I normally have a crew dig between the vines with a shovel. Not inexpensive, but I am opposed to using herbicides and have not done so for around 10 years.

This year we used an undervine cultivator - an attachment to the tractor. It was pretty horrifying to watch as the arm reached out to dig between the vines, then pulled back as it "sensed" it was about to hit the next vine. It certainly requires a very skilled operator, and there was a fair amount of adjusting going on to get it rolling.
It did not do a "complete" job, and I did have a crew follow up with shovels so that growth would be disked under with the freshly mowed cover crop. I do my best to get the nitrogen into the soil - I had quite a cover crop that was bell bean dominant in alternating rows.

I tried to get the name of the cultivator - it was something like Tarantula or something like that. It turned out to be a bit more expensive than just hand-digging, but it was accomplished much faster, and I was able to get the whole vineyard weeded, mowed/chopped, disked, and ring-rolled in one effort.

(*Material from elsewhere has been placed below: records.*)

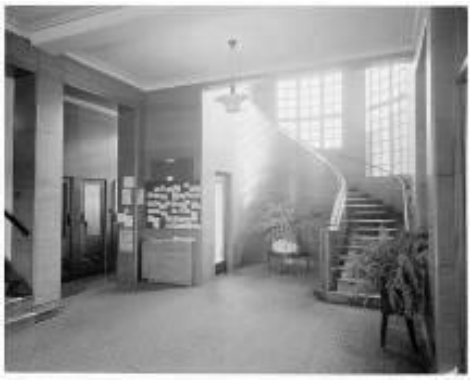
Image 3 Foyer of Havelock House, 1959 showing the curved stair and timber veneer panelling.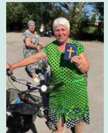
Distributing Bibles and aid.

making a great difference—sharing the love of Christ and the hope of the Gospel. Your gifts help accomplish so much more: Bible training, provision of Bibles and Christian literature, Summer Bible Camps and other children's ministries, Compassion Ministry, and support of missionary pastors. Please pray about how you can help today! ♦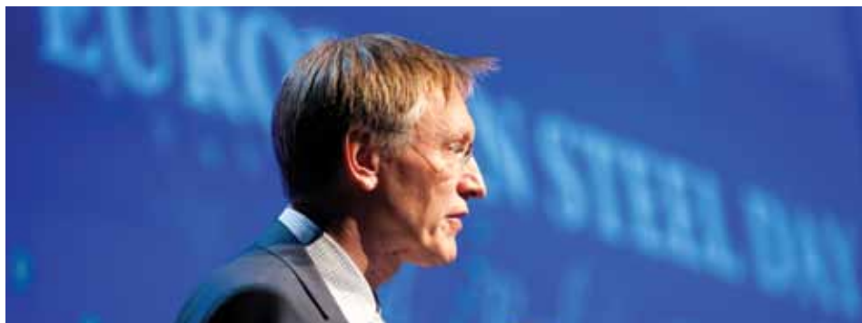
Janez Potočnik speaking at the Conference

Competitiveness, innovation and the life cycle benefits of steel were at the heart of the European Steel Day in Brussels. The event brought together 400 representatives from the European institutions, EU member states and EU steel industry as well as a number of high level journalists.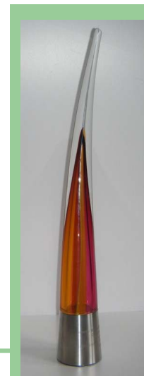
Monmouthshire — True Taste Food Tourism Destination of Wales 2008/09

More information available on www.mim.adventa.org.uk .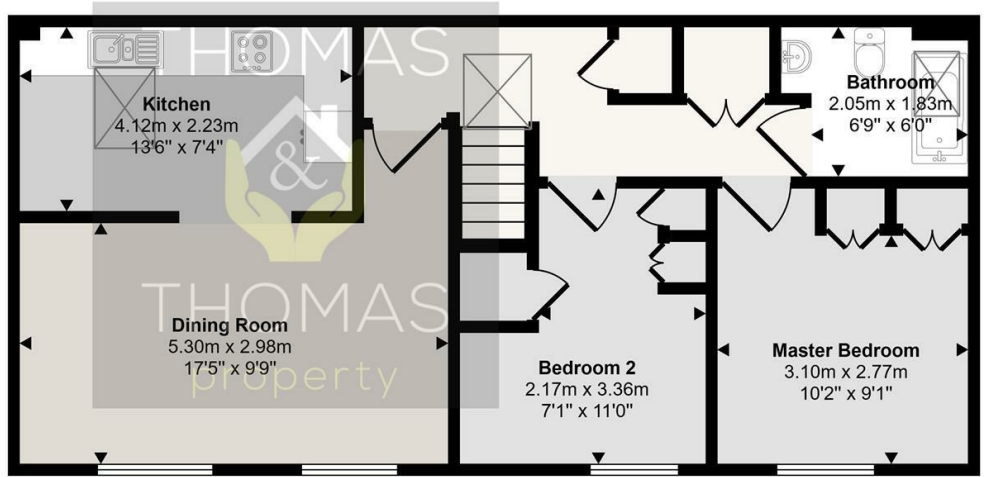
First Floor Approx 63 sq m / 682 sq ft

This floorplan is only for illustrative purposes and is not to scale. Measurements of rooms, doors, windows, and any items are approximate and no responsibility is taken for any error, omission or mis-statement. Icons of items such as bathroom suites are representations only and may not look like the real items. Made with Made Snappy 360.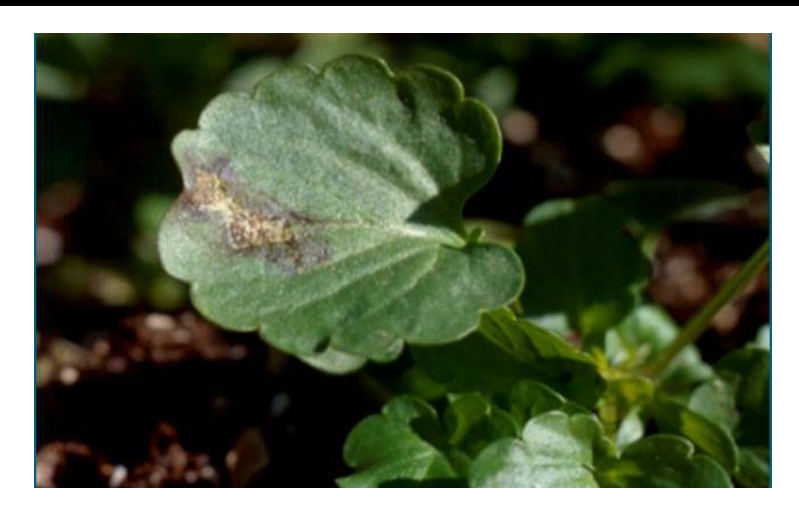
Figure 1: Cercospora leaf spot on pansy showing purplish, fringed margin with a tan center. Spores are produced on both the upper and lower leaf surfaces.

With the overcast, humid conditions in the southeastern USA, powdery mildew disease has been a problem in pansy production within greenhouses. However, if the current wet weather trends continue, it is unlikely that the disease will be of concern in landscape installations because wet foliage is not conducive to powdery mildew disease development. Powdery mildew infection causes patches of white fungal growth usually seen on the upper leaf surface. If infection is severe, leaves may become distorted and purplish (Figure 4). Powdery mildew develops under high humidity conditions. Plants that are nutritionally stressed are more susceptible to powdery mildew infection than non-stressed plants.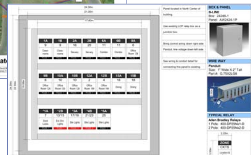
Lighting Panel – Panel Layout LCC1A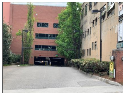
Walnut St (east) entrance of Locust Garage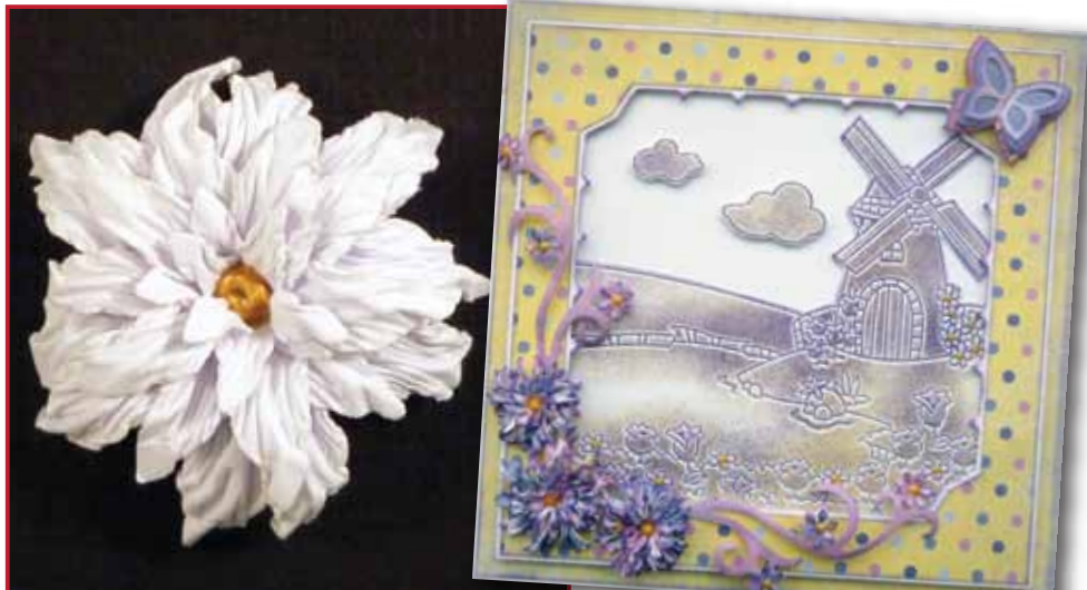
6. Stick the flowers on top of each other, and this is the result!

I should mention my vineyard is totally Valley floor, so no hills at all to deal with. Since I have "old-style" quadrilateral trellising, the cordons are not in alignment with the trunks - they project outward into the rows between the vines. So the operator had to be extra careful with that extra challenge - most the vines these days are trained vertically, so they were not so accustomed to that issue.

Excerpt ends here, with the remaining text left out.